Microsoft promises to nearly double Windows storage performance after forcing slow software-accelerated BitLocker on Windows — new CPU hardware-accelerated crypto will also improve battery life, but requires new CPUs
The new BitLocker implementation offloads encryption and decryption to dedicated crypto engines on supported SoCs, delivering faster storage performance and reduced CPU usage.

(Image credit: Microsoft)
Microsoft has introduced a new form of hardware-accelerated BitLocker encryption in Windows 11, offloading encryption and decryption to a purpose-built cryptography accelerator baked into future CPUs to improve performance and efficiency. First announced at Ignite 2025 in November, the feature has been added to the latest versions of Windows 11 (25H2) and Windows Server (2025 with the September Update), along with UFS (Universal Flash Storage) Inline Crypto Engine technology. This new tech will undo the performance penalties that Microsoft imposed on its users by forcing them to use software-based encryption by default, offering twice the storage performance in some types of workloads.

(Image credit: Microsoft)
However, Microsoft, being Microsoft, opted to force-enable the software version of BitLocker for new Windows Pro installs, hurting performance and battery life — you can only use hardware-based SSD encryption if you jump through a complicated series of largely undocumented hoops.

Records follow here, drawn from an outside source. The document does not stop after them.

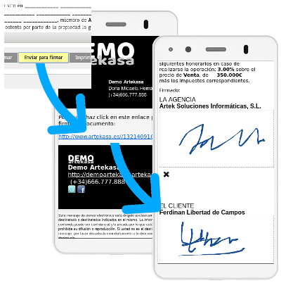 El cliente recibirá el email y, haciendo click sobre el enlace accederá a una página en la que podrá firmar el documento.
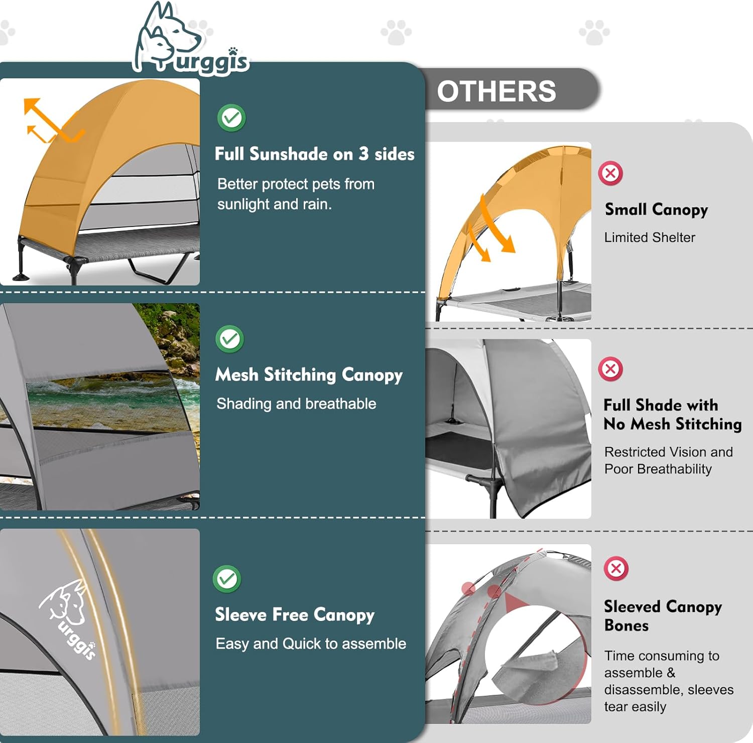 - Elevated Pet Cot With Anti-Scratch Breathable Bed Mat: Features a high density teslin breathable meshing bed mat, this bed is anti-scratch, breathable and odorless, no sticking hair and can be easily cleaned up by wiping or hosing off and keep clean. With this elevated dog bed with a large canopy, our furry kids will be better protected from ground heat and scorching sun in summer and keep dry in light rain (cover is recommended in heavy rain), let them have a cozy summer!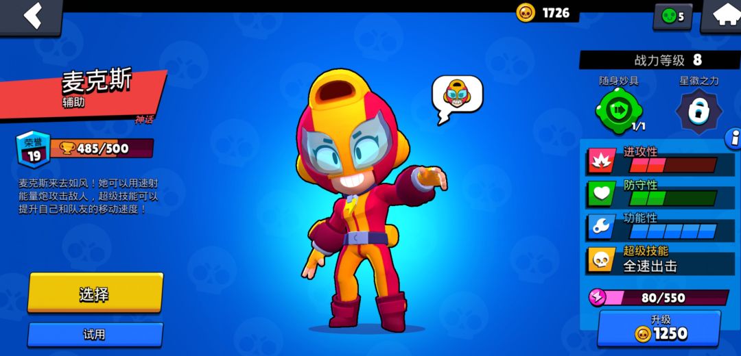 对于远程脆皮来说,控制距离是头等大事。许多射手的速度比坦克慢,所以要更加慎重,麦克斯的移动速度非常快,能够轻易的与其他英雄拉开距离。开大后还能得到大幅的速度提升,无论是对队友或是自己,都能起到较不错的功能性作用虽然我觉得换上个爆发型技能,麦克斯会更强,但全体加速毕竟也是《荒野乱斗》独一份。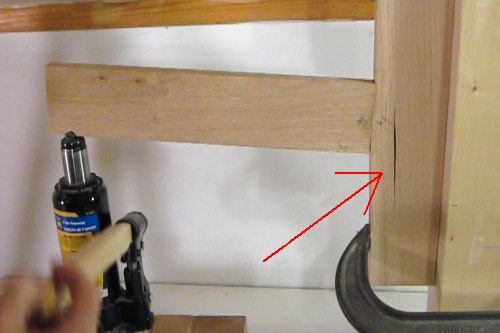A failed mortise and tenon joint. A remnant of the gap is still visible,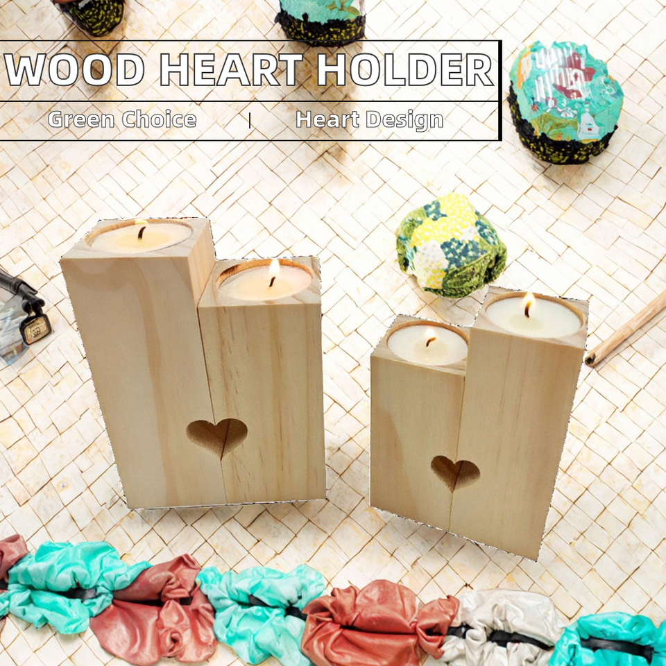 Eco-Friendly Wooden Heart Candlestick Holder for Home Decor and Halloween Atmosphere Couples Gift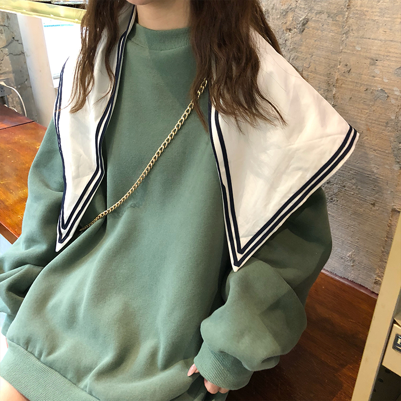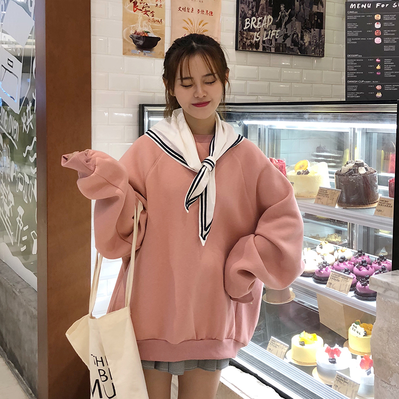 / 秋冬韓版BF風寬松學院風個性披肩加絨加厚套頭超火衛衣上衣外套女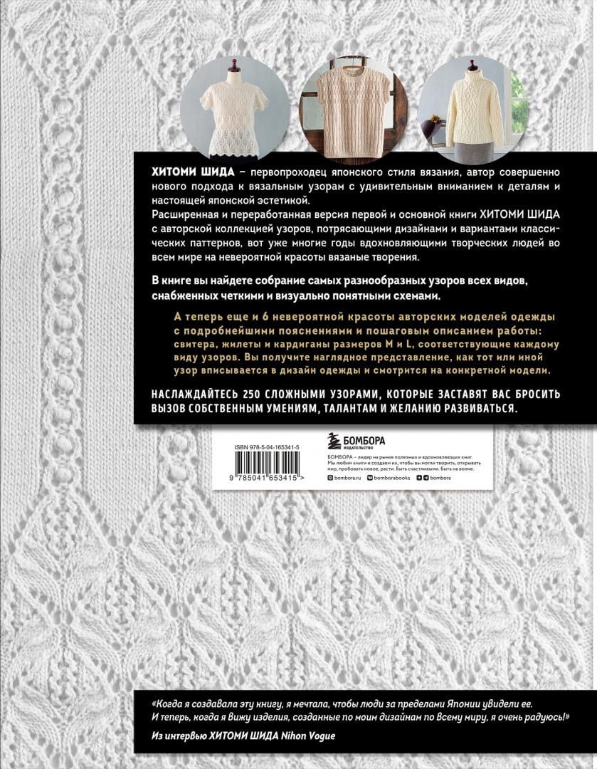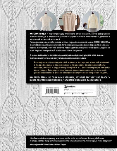 Расширенная и переработанная версия первой и основной книги первопроходца японского стиля вязания Хитоми Шиды с авторской коллекцией узоров, потрясающими дизайнами и вариантами классических паттернов, которые вот уже многие годы вдохновляюют творческих людей во всем мире на невероятной красоты вязаные творения. Все паттерны снабжены четкими и визуально понятными схемами. И самое главное: автор тщательно подобрала и добавила к коллеции 6 невероятной красоты моделей одежды с подробнейшими пояснениями и пошаговым описанием работы: свитера, жилеты и кардиганы размеров M и L, соответствующие каждому виду узоров. Вы получите наглядное представление, как тот или иной узор вписывается в дизайн одежды и смотрится на конкретной модели. Наслаждайтесь 250 сложными узорами, которые заставят вас бросить вызов собственным умениям, талантам и желанию развиваться.

Hardware-accelerated BitLocker - YouTube 
The company now plans to use a new hardware-accelerated BitLocker CPU implementation to address the issue it created, but it will take time to even become available.
Hardware-accelerated BitLocker will initially be available on Windows 11 devices with Intel vPro platforms based on upcoming Intel Core Ultra series 3 “Panther Lake” CPUs, with broader support planned. The latest version of BitLocker is expected to leverage new capabilities on upcoming chips, including crypto offloading, where the bulk of cryptographic operations will be moved from software running on the CPU to a dedicated fixed-function crypto engine. Additionally, BitLocker bulk encryption keys will be hardware-wrapped on select SoCs to improve security by reducing exposure to CPU and memory vulnerabilities.
Microsoft’s Rafal Sosnowski stated in a blog post, “When enabling BitLocker, supported devices with NVMe drives along with one of the new crypto offload capable SoCs will use hardware-accelerated BitLocker with the XTS-AES-256 algorithm by default. This includes automatic device encryption, manual BitLocker enablement, policy driven enablement, or script-based enablement with some exceptions.”